Crop productivity is increasingly threatened by climate change, and this issue is exacerbated by the growing global population. For example, climate change is causing environmental stress, as exemplified by elevated temperatures, drought, and flooding. On the other hand, global population growth and urbanization has resulted in the loss of agriculturally viable land. According to a study of the correlation between crop yields and global warming, an increase of 1 degree Celsius in global temperatures could result in a reduction of the global production of wheat by 6.0%, rice (Oryza sativa) by 3.2 %, corn (Zea mays) by 7.4 %, and soybeans (Glycine max) by 3.1% [1]. Additionally, it is expected that the global population will reach almost 9 billion by 2050, and the expansion of urbanization will result in an 80% loss of agricultural land by 2030 in Asia and Africa.

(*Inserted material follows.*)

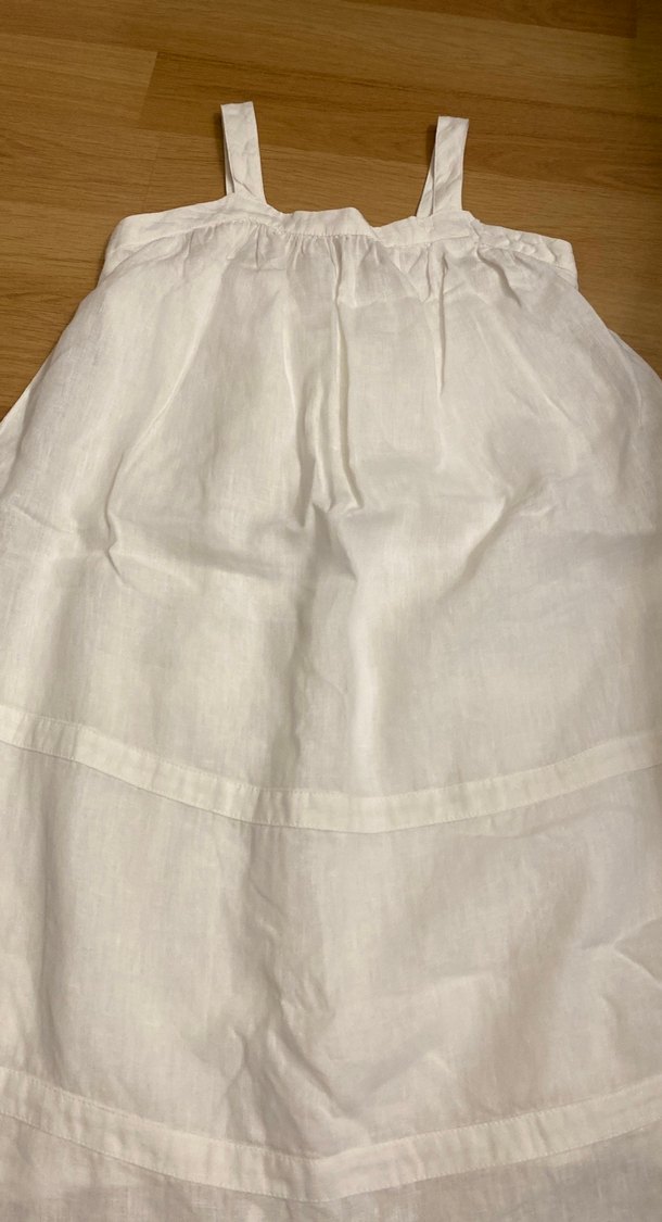 Gevşek kesim beyaz keten , fırfır detaylı, midi boyda, sade ve minimal bohem tarzda, günlük kullanım için uygun.

Consequently, an increase of more than 70% of current crop production will be required to maintain food security [2][3][4].

Genetically modified (GM) crops provide a strategy to increase stress resistance and crop productivity through genetic improvement in relatively short time frames compared to traditional breeding approaches [5]. Furthermore, their generation can enhance the understanding of molecular mechanisms that affect plant development and defense, and this information has provided opportunities to improve crop yield [6][7][8]. However, regulatory hurdles for GM crop commercialization, including safety evaluation, have necessitated the development of alternative strategies involving gene-editing (GE), such as the use of zinc-finger nucleases (ZFNs), TAL effector nucleases (TALENs), and clustered regularly interspaced short palindromic repeats (CRISPR) tools [9]. As an example, Calyxt has developed a TALEN-based genome-edited soybean with modified oil composition and commercialized the derived product, high oleic soybean oil, on the US market [10]. In contrast to the previous GM techniques, which randomly introduce changes, GE allows for precise modification and is identical to those derived from conventional breeding [11][12]. Thus, it is anticipated that many GE crops could be a more acceptable product than GM crops [13].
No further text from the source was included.